What is Newton's second law of motion?

Newton's second law states that the net force acting on an object equals its mass multiplied by its acceleration: F = ma. A larger force produces a larger acceleration, and a heavier object requires more force to achieve the same acceleration.

What is the formula for Newton's second law?

The formula is F = ma, where F is the net force in newtons (N), m is mass in kilograms (kg), and a is acceleration in metres per second squared (m/s²). 1 newton is the force needed to accelerate 1 kg at 1 m/s².

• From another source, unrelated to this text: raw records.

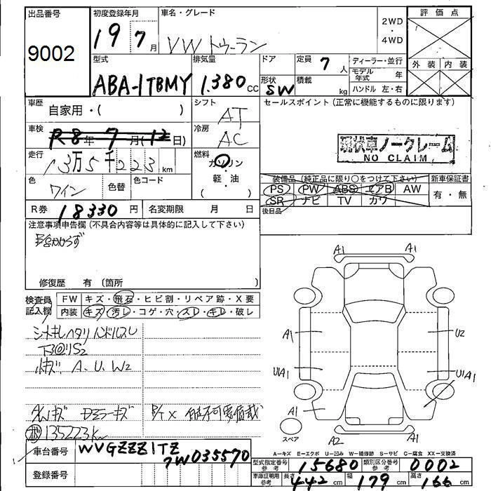 VOLKSWAGEN GOLF TOURAN 2007 г., лот № 9002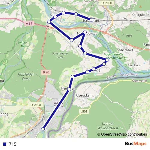The first stop of the 715 bus route is Stammham Schulstr. and the last stop is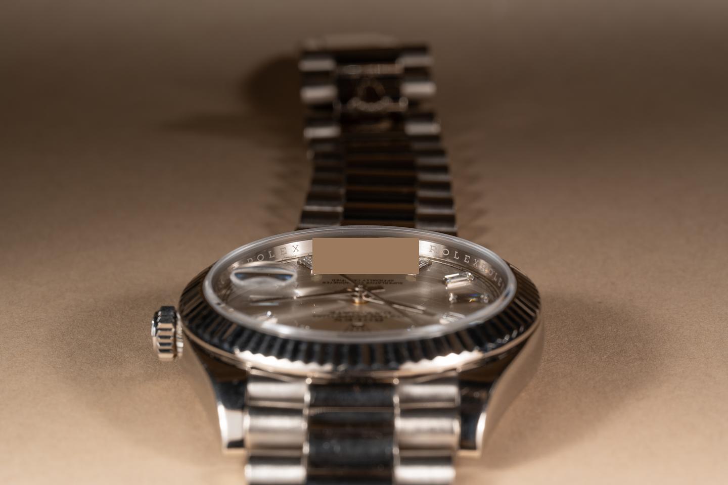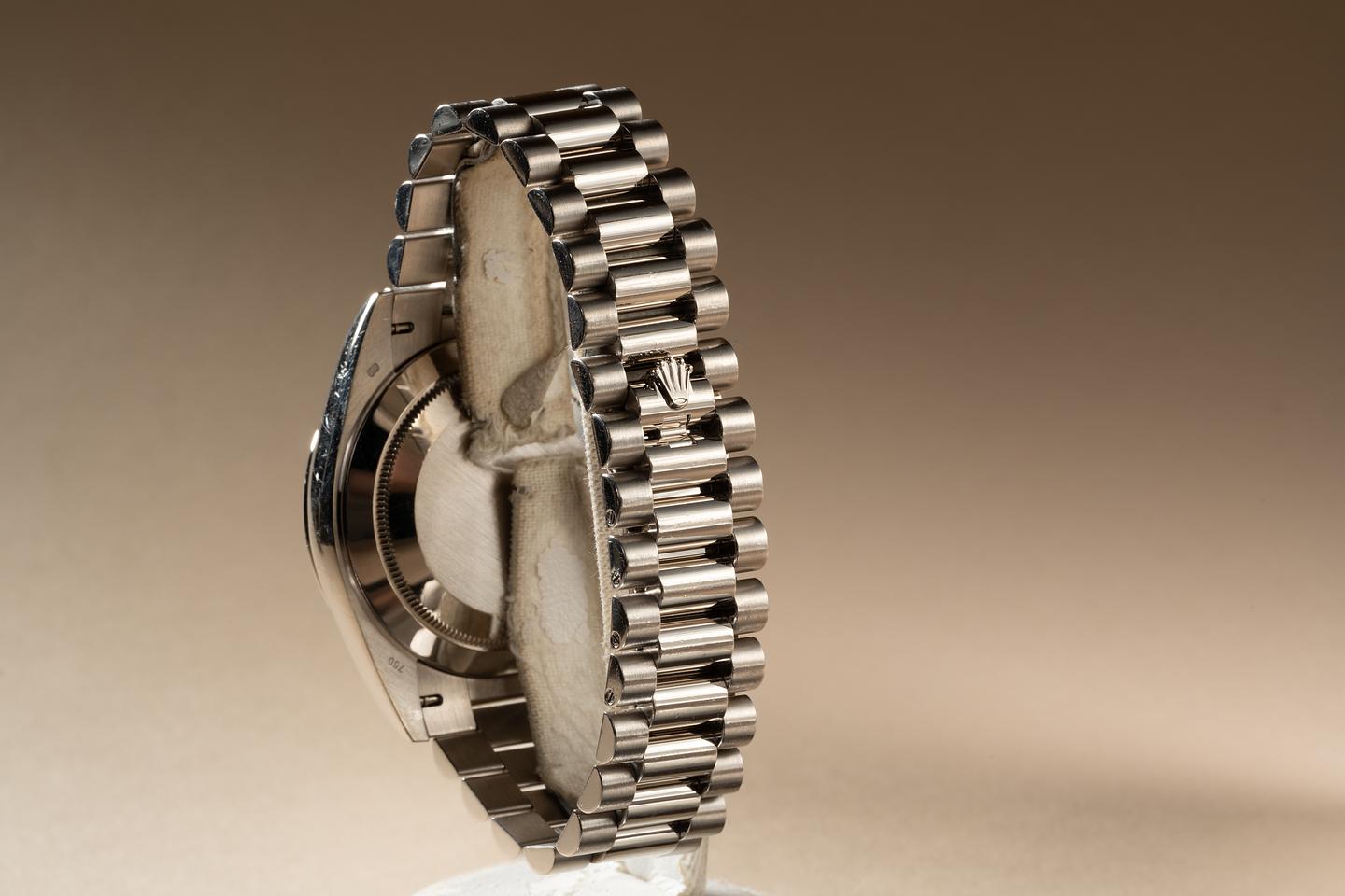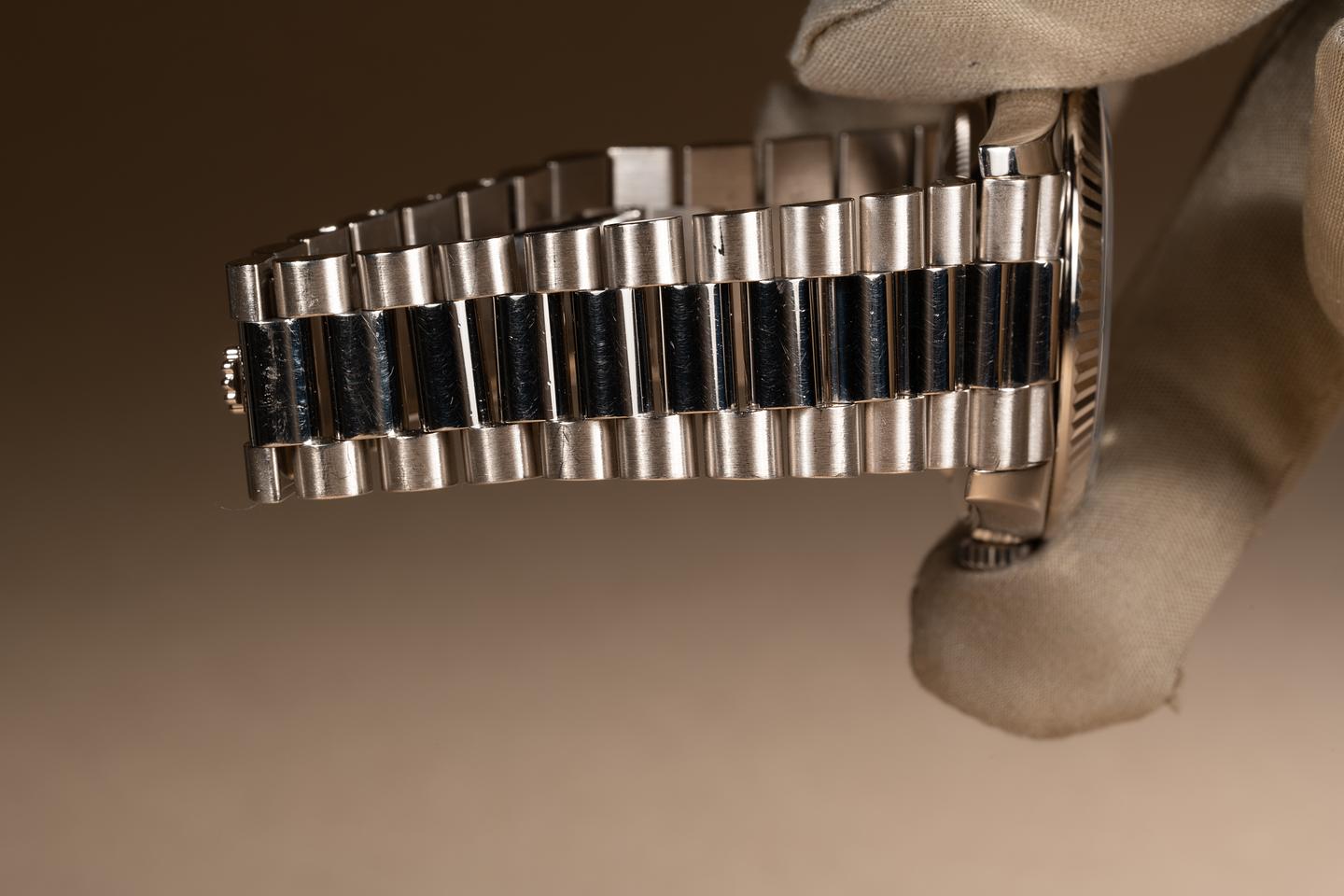 Bracelet: The 22 link 18K white gold President bracelet is excellent showing only very light stretch.

What is an example of Newton's second law?

Pushing a shopping cart: a light empty cart accelerates easily (small m, large a), while a full heavy cart requires much more force for the same acceleration. Another example: a tennis ball accelerates faster than a bowling ball when hit with the same force.

⚡ Quick Answer

What Is Newton's Second Law?

Q: What is the difference between Newton's first and second law?

Newton's first law says an object at rest stays at rest (and an object in motion stays in motion) unless acted on by a net force. The second law quantifies what happens when a net force IS applied: the object accelerates proportionally to the force and inversely to its mass.

4 min readLast reviewed: May 2026By Frank Urena, PhD

Newton's second law of motion states that the net force acting on an object equals its mass multiplied by its acceleration: F = ma. It is the most widely used equation in classical mechanics and the foundation for analysing motion in everything from car crashes to rocket launches.

✓ Short Answer

Newton's second law says that when a net force acts on an object, it accelerates in the direction of that force. The acceleration is directly proportional to the force and inversely proportional to the mass: F = ma. In SI units, force is measured in newtons (N), mass in kilograms (kg), and acceleration in metres per second squared (m/s²). One newton is the force needed to accelerate 1 kg at 1 m/s².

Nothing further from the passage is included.